Freeman: This next question comes from some of our friends on the West Coast, out at Stanford. They say, "Mr. LaRouche, as you know, we were tasked to forge a series of economic policies directed to restore health to the nation's economy. We were told to assume an FDR-type of approach to restoring vital sectors of production, rebuilding decayed infrastructure, determining the need for new infrastructure, etc. And although the specifics of dealing with problems of monetary and financial policy were not part of our immediately defined task, it was made clear that we were expected to also address those issues. Obviously, we had to figure out how to fund the recovery programs we were proposing. For several months, we've been making very significant progress, although that kind of came to a halt these last few weeks when it became increasingly difficult for us to determine if the President still wanted us to proceed with our work. There has been almost no indication that the administration intends to do anything until Wall Street agrees to it. That is certainly not an FDR-style approach, and also, while Wall Street is clearly being consulted, we are not.

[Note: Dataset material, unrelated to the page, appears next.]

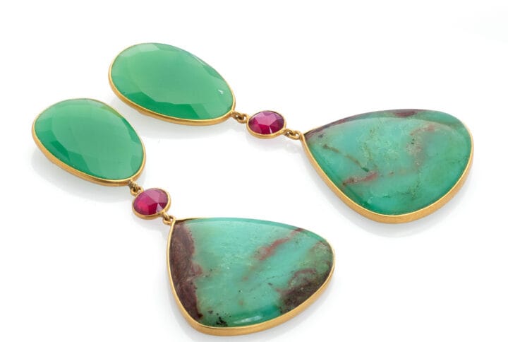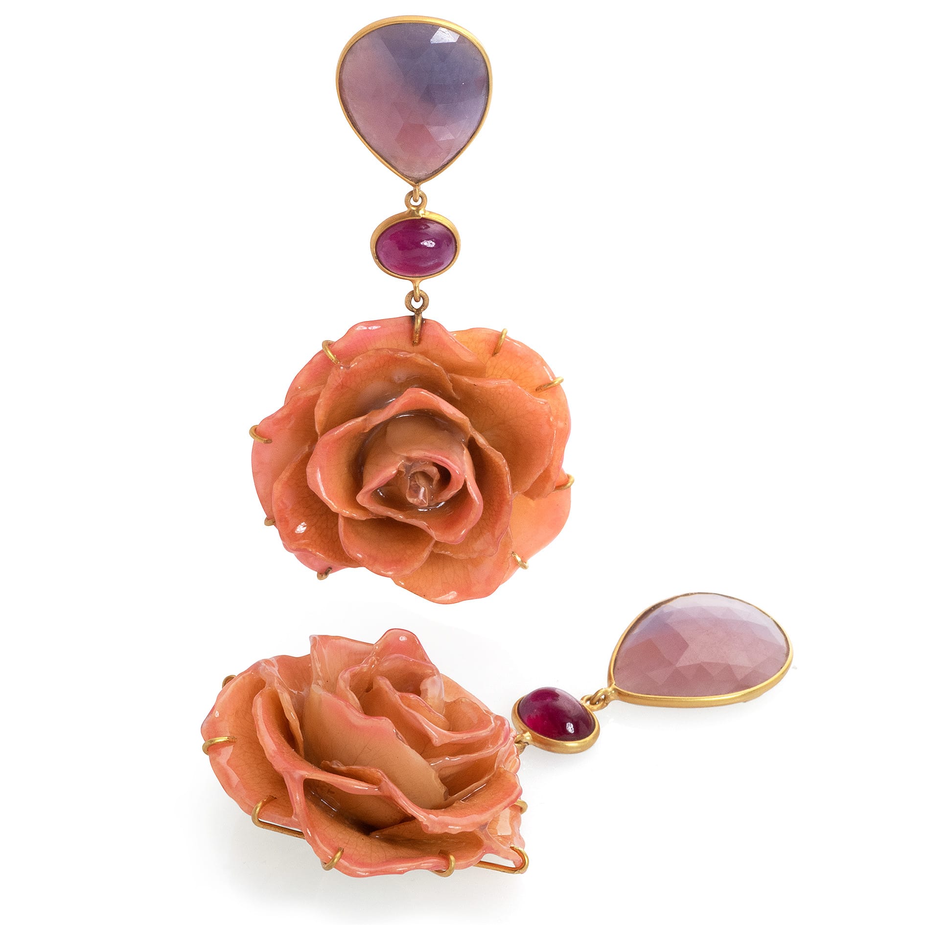 avec saphire, rubis traité et rose véritable, longueur: 7cm/2.8″

"This led us to forward a question to Washington, as to whether or not we should continue our work. The response we received rather quickly was, 'Yes, absolutely yes.' But this is a very frustrating situation. As a Presidential advisory group, we work independently and without compensation. That isn't a problem. When we speak, we do not speak on behalf of the Administration, but we are encouraged not to speak publicly for ourselves either. That is something of a problem.

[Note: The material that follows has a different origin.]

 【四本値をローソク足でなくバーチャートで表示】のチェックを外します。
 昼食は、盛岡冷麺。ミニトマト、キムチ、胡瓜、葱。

"The truth is, and I know that I speak not only for myself but for many of my colleagues, these last few months have reminded me why I relocated to the West Coast in the first place. I wanted to get as far from Washington as I could, and still live in the United States.

"But, in all seriousness, the question is, how do we proceed? Should we simply ignore what is going on in Washington, and continue to try to forge these policies and analyses, even if it seems, at least right now, that no one is listening? Also, is it your estimate that no one is listening? Is it possible that there is some plan and we have just not been informed of it? Your thoughts on this would be greatly appreciated."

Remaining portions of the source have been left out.